Sparks: Many patients do not know that there is any relationship between smoking and the presence and activity of their systemic rheumatic disease. This can sometimes motivate them beyond the other known health benefits of quitting smoking.
Costenbader: I talk frequently to my patients who smoke about quitting, and we have even had some success. Of course, I provide copious evidence that smoking is very bad for their health, as well as lots of encouragement and positive reinforcement. I talk about tapering off cigarettes in the same way that I talk about tapering off corticosteroids.
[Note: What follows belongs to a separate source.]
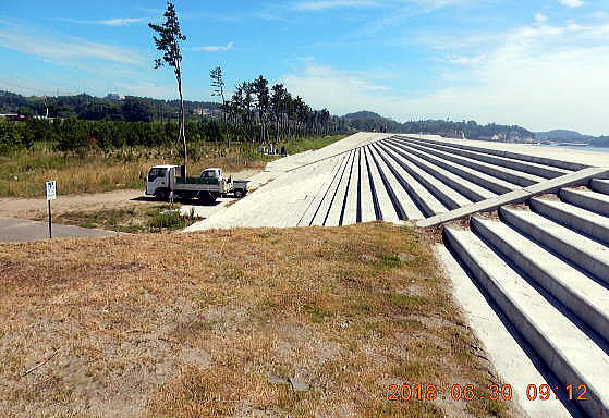 | <総合メニューへ> 多賀城市 塩釜市 利府町 七ヶ浜町1 七ヶ浜町2 七ヶ浜町3 七ヶ浜町4 七ヶ浜町5 松島町1 松島町2 東松島市1 東松島市2 東松島市3 ◆七ヶ浜町沿岸3 ◆七ヶ浜町の堤防 ![]() 出典:グーグルマップ ![]() 出典:グーグルマップ ◆七ヶ浜町菖蒲田海浜公園の整備方針 下は七ヶ浜町の南東部の菖蒲田海浜公園の整備方針である。その中心は海浜の海水浴場に沿ってつくられた大堤防である。 ![]() 出典: 菖蒲田浜・汐見台南 - 七ヶ浜町整備方針 下は3.11の後、構築した海岸堤防の竣工記念碑である。 七ヶ浜町では、菖蒲田浜・汐見台南 - 七ヶ浜町整備方針に沿い、南東部の海浜を津波対策としてだけでなく、町を挙げて町民、県民、観光客らのリゾートを考慮した親水性、リクレーション性の高い堤防を設計、施工していた。 ![]() 撮影:池田こみち Nikon Coolpix S9900 2018-6-29 菖蒲田海浜に整備された大堤防。 ![]() 撮影:青山貞一 Nikon Coolpix S9900 2018-6-29 下は真夏の海水浴時の風景です。 ![]() 出典:グーグルマップストリートビュー 2016年7月 ![]() 出典:グーグルマップストリートビュー 2016年7月 ![]() 撮影:池田こみち Nikon Coolpix S9900 2018-6-29 ![]() 撮影:青山貞一 Nikon Coolpix S9900 2018-6-29 ![]() 撮影:青山貞一 Nikon Coolpix S9900 2018-6-29 ![]() 撮影:青山貞一 Nikon Coolpix S9900 2018-6-29 海岸一帯で使える無料のWiFiが用意されている。 ![]() 撮影:青山貞一 Nikon Coolpix S9900 2018-6-29 堤防のすぐ内側(陸側)にある家の外壁に3.11津波が来た時の高さの表示があった。 ![]() 撮影:青山貞一 Nikon Coolpix S9900 2018 おおよそ5mか。 ![]() -6-29 ![]() 撮影:池田こみち Nikon Coolpix S9900 2018-6-29 下は3.11津波による犠牲者の慰霊碑である。七ヶ浜町では3.11により55人の犠牲者が出ている。 ![]() 撮影:青山貞一 Nikon Coolpix S9900 2018-6-29 ここでの空間放射線量は、0.10μSv/hであった。東京のほぼ2倍の線量である。 ![]() 撮影:青山貞一 Nikon Coolpix S9900 2018-6-29 七ヶ浜町4につづく |

Both are addictive and you have to go down slowly and move in the right direction. I suggest setting quit dates and giving yourself rewards for staying off.
There are smoking cessation clinics, smoking cessation medications and multiple strategies available online. Family and social support and support groups really help as well.
Healio: What thoughts or advice do you have for your rheumatology colleagues about talking to patients about quitting?
Sparks: Patients really value the advice from their rheumatology provider. Even a small conversation can have a big impact on patient behavior.
Healio: How serious is the issue of vaping? Is this a more serious concern in younger or adolescent patients, or are you seeing it in patients of all ages?
Costenbader: Vaping is on the rise, but luckily there is some new legislation making vapes less available for young people. These were really shamelessly marketed for younger adults, and even adolescents and kids.
Unfortunately, the serious health consequences of vaping have not even been thoroughly studied yet. However, vaping is associated with lung disease, and since many of the effects of cigarettes on autoimmune disease are through pulmonary inflammation, it is very likely that vaping poses serious health concerns for autoimmune rheumatic diseases in the same way.
Sparks: Vaping is certainly more prevalent in younger populations, but it seems uptake may increase even in older people. The impact of vaping on susceptibility and outcomes in systemic rheumatic disease patients needs to be studied.
Healio: What can organizations like the ACR do to help patients quit?
Sparks: Increasing education about the relationship of smoking with systemic rheumatic diseases is needed beyond its other known health risks. The ACR could provide resources to physicians and patients about methods to quit smoking.